Google’s expansion of visual search results for mobile shopping comes as smartphones, a major gateway to the internet for millions of consumers, become a bigger driver of e-commerce. Mobile commerce will nearly double its share of total U.S. retail sales from 5.5% in 2020 to more than 10% by 2025, researcher eMarketer estimated.
The company introduced mobile-first layouts for its responsive display ad format, which generates customized ads from a brand’s visual assets such as images, headlines, logos, videos and descriptions. The mobile-first formats will include full-screen portrait mode ads, in addition to scrollable and video ads tied to product feeds by the end of the year, according to Google.
“I was intrigued by how much this felt inspired by TikTok rather than Amazon, who we typically think of as Google's main competitor in the online shopping space,” said Jyll Saskin Gales, a former Google employee who consults with businesses that advertise on the company’s platforms. “The proliferation of vertical creative formats, talking about impulse purchasing, being immersed... that's TikTok.”
Integration with Performance Max
Google provided updates on its Performance Max campaigns, an artificial intelligence (AI) solution the company introduced last year to enable marketers to advertise across its properties in the same campaign. Its retail media service and Smart Shopping campaigns, which automatically pull product data from a feed and uses it to create customized shopping ads, are being added to Performance Max campaigns.

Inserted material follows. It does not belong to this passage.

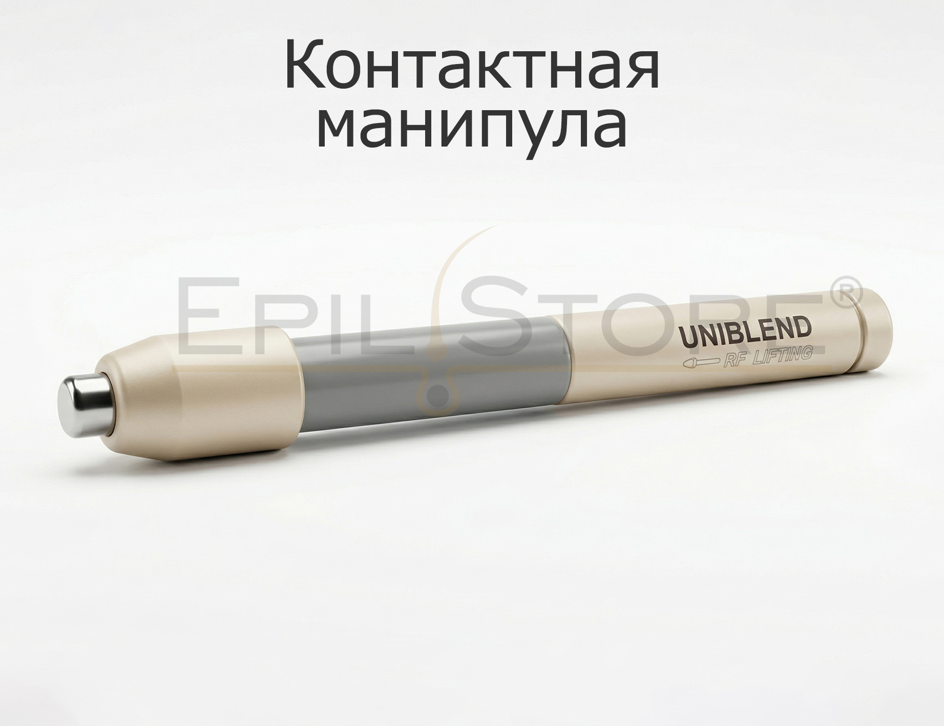 RF (Radio Frequency) лифтинг – косметологический метод, основанный на воздействии на кожу переменного высокочастотного тока. За счёт высокой частоты ток оказывает тепловое действие, нагревая кожу в области обработки. Выбор электрических параметров (мощность, частота тока, длительность воздействия) и конструкции манипулы, пропускающей ток через кожу, позволяет тонко регулировать достигаемый эффект. Это принципиально отличает RF лифтинг от простого нагрева ткани прикладыванием источника тепла («грелки»). Совместим с эпиляторами Uniblend PLUS. В комплекте провод с BNC-разъемом для подключения к эпилятору.

“What Google is trying to do here is eliminate the whole idea of a separate mobile, desktop, display, native, video, et cetera, strategy,” Curt Larson, chief product officer at ad exchange Sharethrough, said in emailed comments. “Their central proposition is: give us all your assets, tell us what success looks like for your campaign and our engine will figure out the right creative for the right user on the right device at the right price."
As part of Google’s efforts to help advertisers automate their campaigns with Performance Max, the company is adding a variety of tools for marketers to optimize their digital advertising efforts. In addition to features such as A/B testing for Performance Max, Google expanded campaign management support in its Search Ads 360 and the Google Ads mobile app. The tools will give marketers the ability to make adjustments to campaigns – in addition to its automated solutions.
Google this fall is expanding Performance Max to advertising for hotels, an industry that has embraced mobile apps to engage travelers. The expansion will let hotels promote properties across all of Google's channels and include property-specific search queries.
“Google's Marketing Live event, in particular the automation track, builds on and makes specific some of the trends we've been talking about for a while,” Larson said. “AI allows for marketers to move up the value chain, away from dealing with creative asset requirements and allocations of budgets to hundreds of line items and towards making sure the machine understands what success looks like and letting the AI engine handle optimization.”
Expanded augmented reality
Augmented reality (AR) technology has been an outgrowth of smartphones in the absence of a commercially viable headset whose lenses overlay digital images on the wearer’s surroundings. Google’s failed Google Glass device hasn’t deterred the company from recognizing the significance of AR technology in applications such as shopping.
Marketers that have created 3D visualizations of products can incorporate them in AR ads that appear in search results. The idea is to give consumers a more complete picture of a product to help them make an informed buying decision without having to visit a store.
“We believe AR will become the next permanent staple in how shoppers interact with brands and products digitally,” Bill Ready, president of commerce at Google, said at the event.